第84話 鏡開き

『鏡開き・鏡割り』


 正月に、神様や仏様に供えた鏡餅を下げて食べる、日本の年中行事[。神仏に感謝の気持ちを示し、無病息災などを祈り、供えられた餅を食べる。武道を嗜む南山之寿。正月明けの稽古というと、鏡開きを思い出す。鈍った身体。寒い空間が更に追い打ちをかける。開放的なものゆえ、寒さが厳しい道着。油断しようものなら、気を失いそうになる南山之寿。

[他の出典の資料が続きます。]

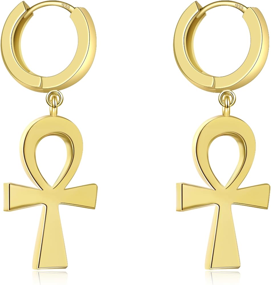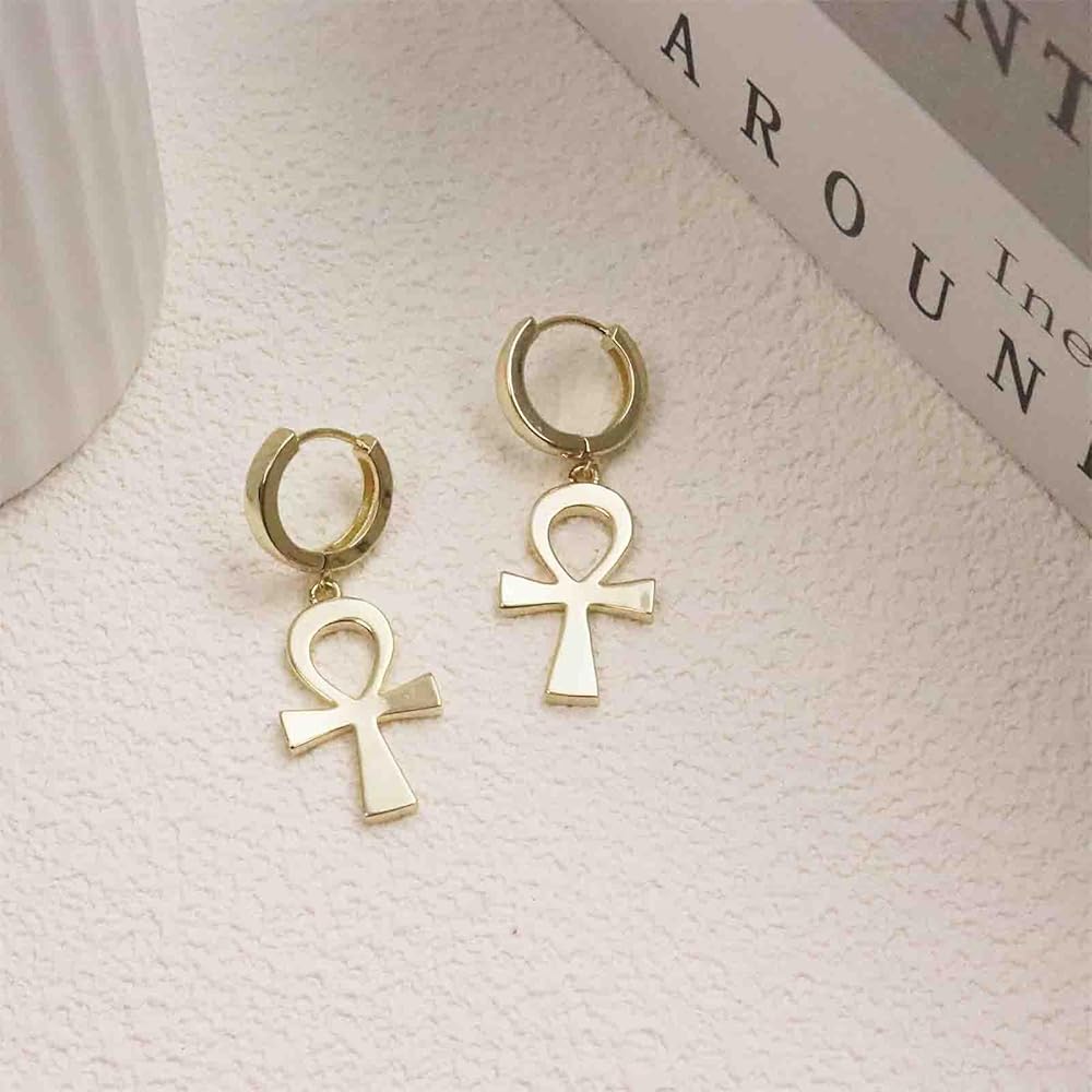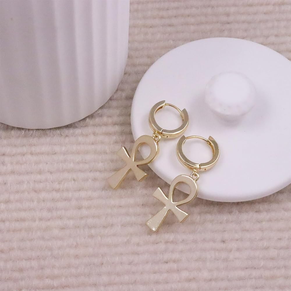 【Gold-plated Hoop earrings trend】Gold hoop earrings for women,a pair of small cross earrings hang from these high-gloss hug earrings. Simple style design is often the most feminine gold earrings,adding a chic touch to your everyday outfit.

 今日の稽古は、鏡開き式。稽古の後には、餅を振る舞う。汁粉の甘さが脳天に突き刺さり、もがき苦しむ南山之寿。今年のあんこは自家製ではなく缶詰。調子にのって数種類開封し、汁粉を作成。丼で汁粉を食す南山之寿。甘さで目が眩む始末。


 『餅』という文字を見ては、思い出す旅路。若が小学生一年頃のこと。電車にハマっていた若。電車で旅行に行きたいと言う。運転しなくて良い旅行も悪くは無い。車内でビールとおつまみを片手に、旅ができる。そう思っていた南山之寿。甘かった。


 若が提案してきたのは、電車の大回り。例えば、東京から有楽町に行けば一駅。それを反対方向に、かつ一度通った駅は通らないという条件で移動。どこで、そんな知識を得たんだ、若。安請け合いなどするものではないと後悔する南山之寿。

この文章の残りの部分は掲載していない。